On the road to profit

Fiat and BMW join forces, Harley Davidson buys MV Agusta

Editorial Staff
July 24, 2008

Italy's legendary Alfa Romeo running on German engineering. Harley Davidson hogging the European motorcycle market.


The likely benefits of strategic alliances partnerships for Italian companies have fuelled two recent mergers.


Fiat and BMW recently signed a memorandum of understanding to develop a common platform for future models of the Alfa Romeo MiTo and Mini cars, a move that would allow both carmakers to cut costs. The agreement also provides support for Alfa Romeo to re-enter the North American market. Sources say the Alfa Romeos could be built in BMW's production plant in Southern California.
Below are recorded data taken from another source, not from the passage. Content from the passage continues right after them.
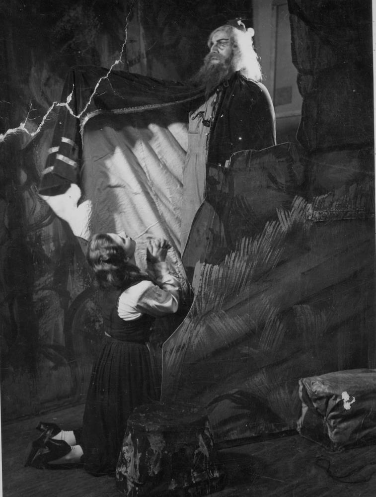Leikfélag Hafnarfjarðar. Tveir leikarar í hlutverkum sínum í Kinnarhvolssystur. Leikstjóri Jón Norðfjörð. Höfundur er Johannes Carsten Hauch , fæddur 1790.Hann andaðist 1872, þá áttatíu og tveggja ára.Hann var mikilsmetinn rithöfundur í Danmörku á sinni tíð. Leikritið var fyrsta verkið sem var sett upp í Bæjarbói en það var árið 1945.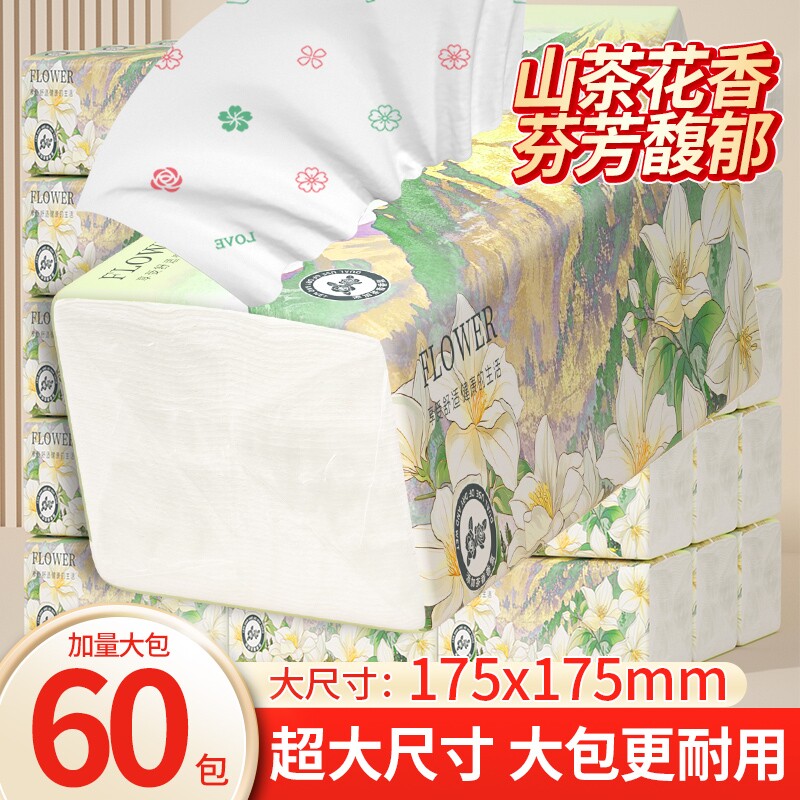 60大包山茶花香抽纸家用实惠装卫生纸大尺寸面巾纸餐巾纸抽整箱装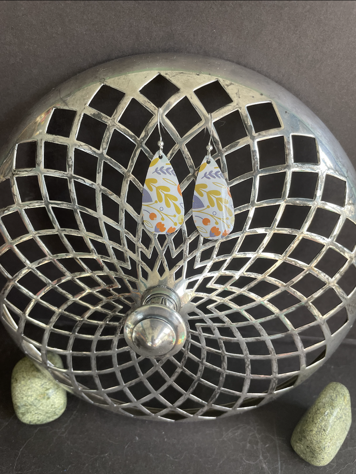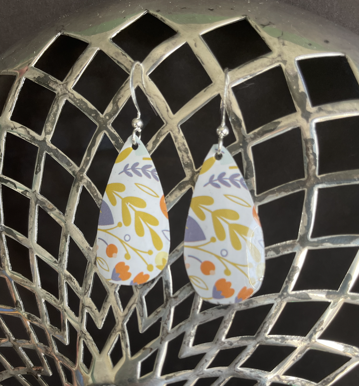 Tins are very light making them ideal for earrings as they don't weigh down your ears as the day goes on. Did you know the proper term for working with tin is "tinkering"? That made me really happy. I literally tinker in my art studio! I use old cookie tins, tea tins, and the like, break them down, and hand cut them into shapes and hand-hammer them into the 3-D shape I want them to be, finish and polish them, before putting them together like any other jewelry.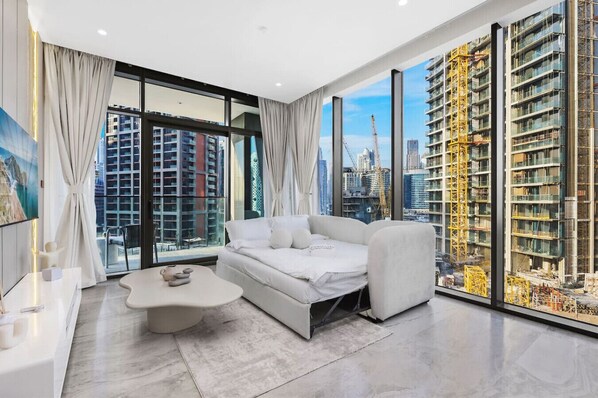 Stay in a stylish 1BR apartment in Business Bay with direct Burj Khalifa views. Enjoy modern design, large windows with natural light, and easy access to Dubai Mall, Downtown, and Canal Walk. Perfect for couples, families, or business guests seeking comfort, convenience, and a prime central Dubai location.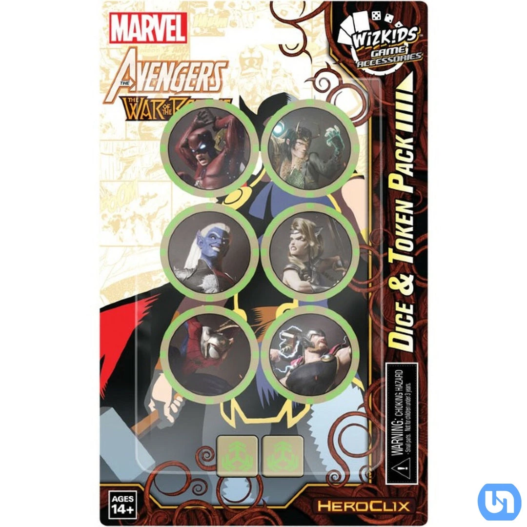 Thor and the Avengers take on Malekith and other Asgardian threats! Based on the realms-shattering The War of the Realms event, this Dice and Token Pack contain 2 custom dice featuring a special logo of the Asgardian realm, and 6 action tokens featuring characters from the story!

Fiat CEO Sergio Marchionne stated that ‘This is an important step in our strategy of targeted alliances. We are glad to work with such an esteemed and respected partner with a clear goal of boosting the competitiveness of both partners.' Marchionne's strategy of ‘targeted alliances' has helped turn Fiat around from its financial troubles: the Turin-based company now returns a profit and continues to increase its market share.
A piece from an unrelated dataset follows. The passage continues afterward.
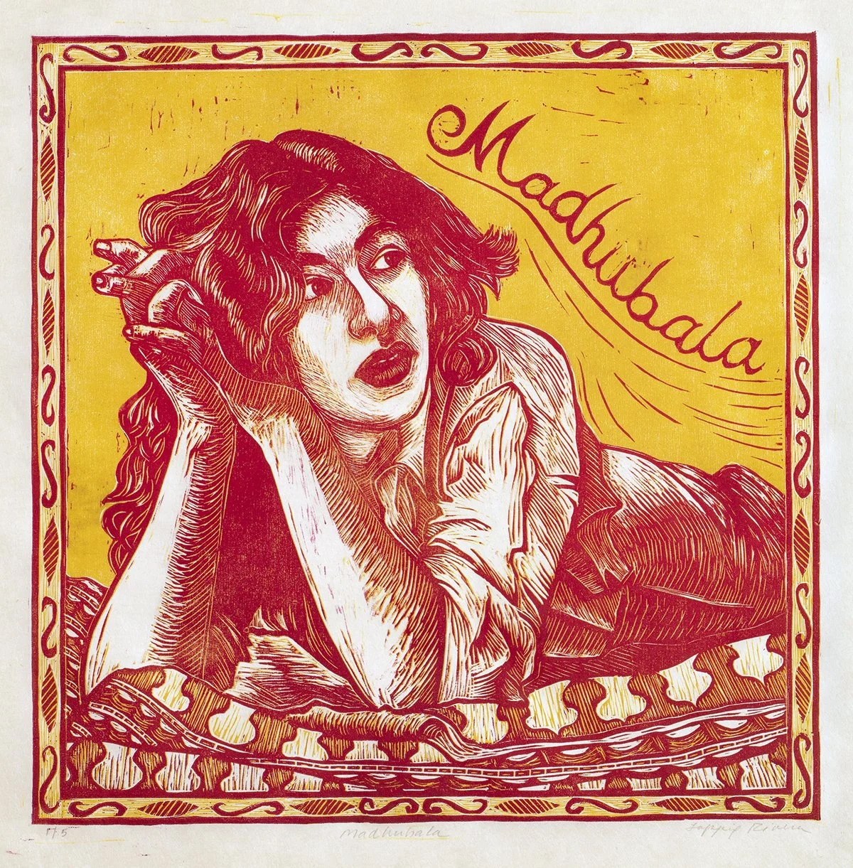 Julie Lapping Rivera, Madhubala, 2019, color reduction woodcut. Image courtesy of artist.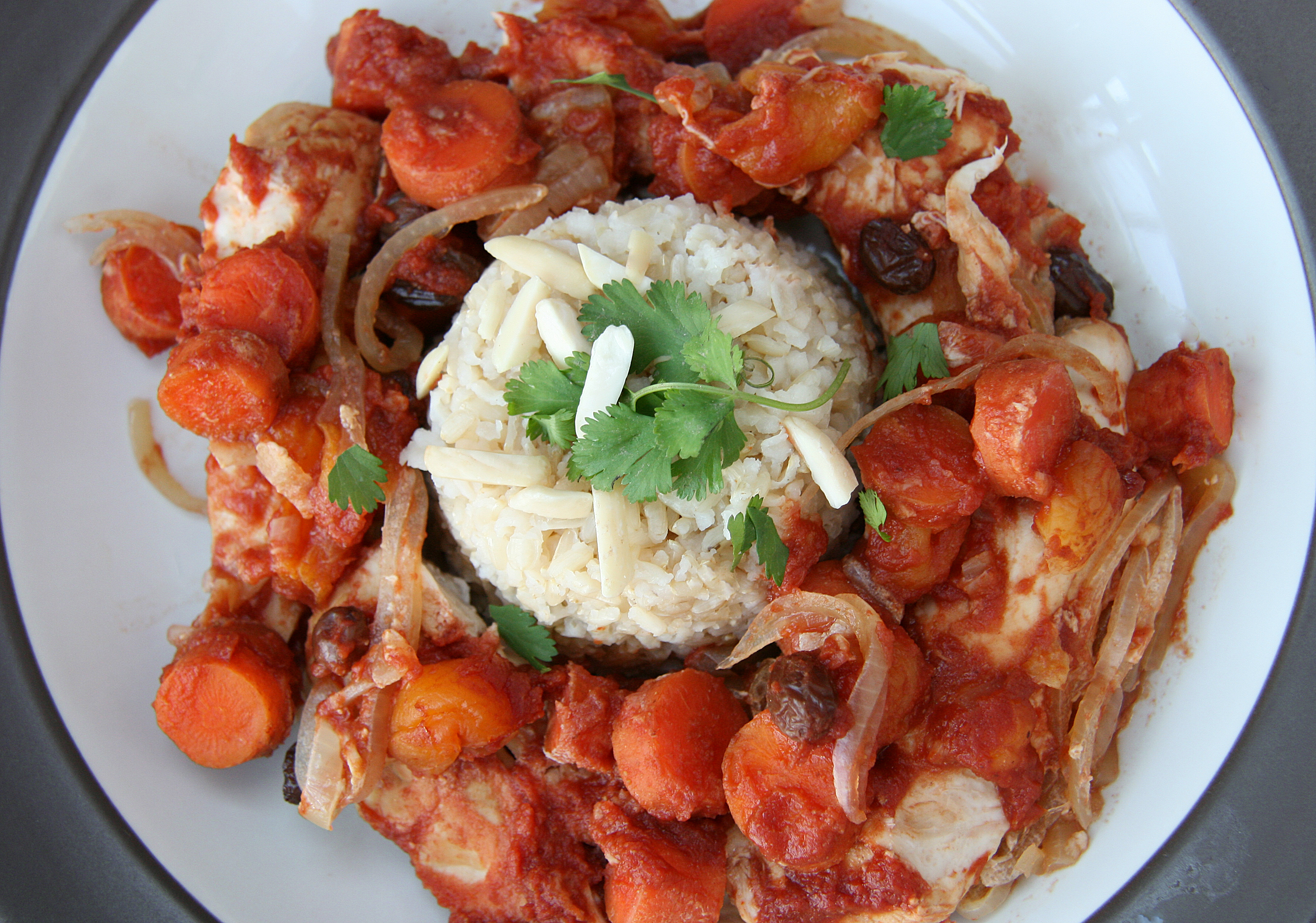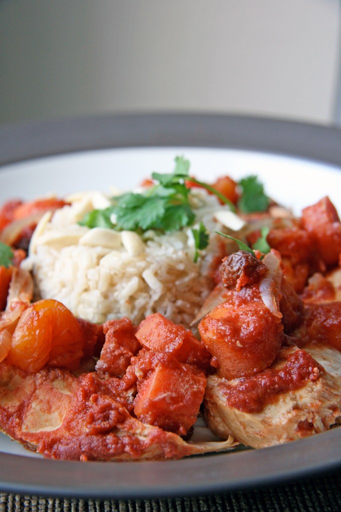 Here’s a crockpot recipe you can throw together before work so dinner will be ready to serve when you get home, not to mention your house will smell divine with a scent of cumin and sweet spices. The only additional item you’ll need to prepare is either rice (could use quick brown rice), fast-cooking GF couscous or quinoa for serving. Or, if you’re like me, you can defrost extra rice you have lying around in the freezer to speed up the process.

Meanwhile, U.S.-based Harley Davidson recently acquired the financially troubled Northern Italian motorcycle maker MV Agusta for 70 million euro. Primarily intended to expand Harley Davidson's presence in Europe, the acquisition was a win-win deal, thanks to MV Agusta's notable market share. MV Agusta produces high-performance sports bikes under the legendary MV Agusta brand and a line of lightweight motorcycles sold under the Cagiva banner.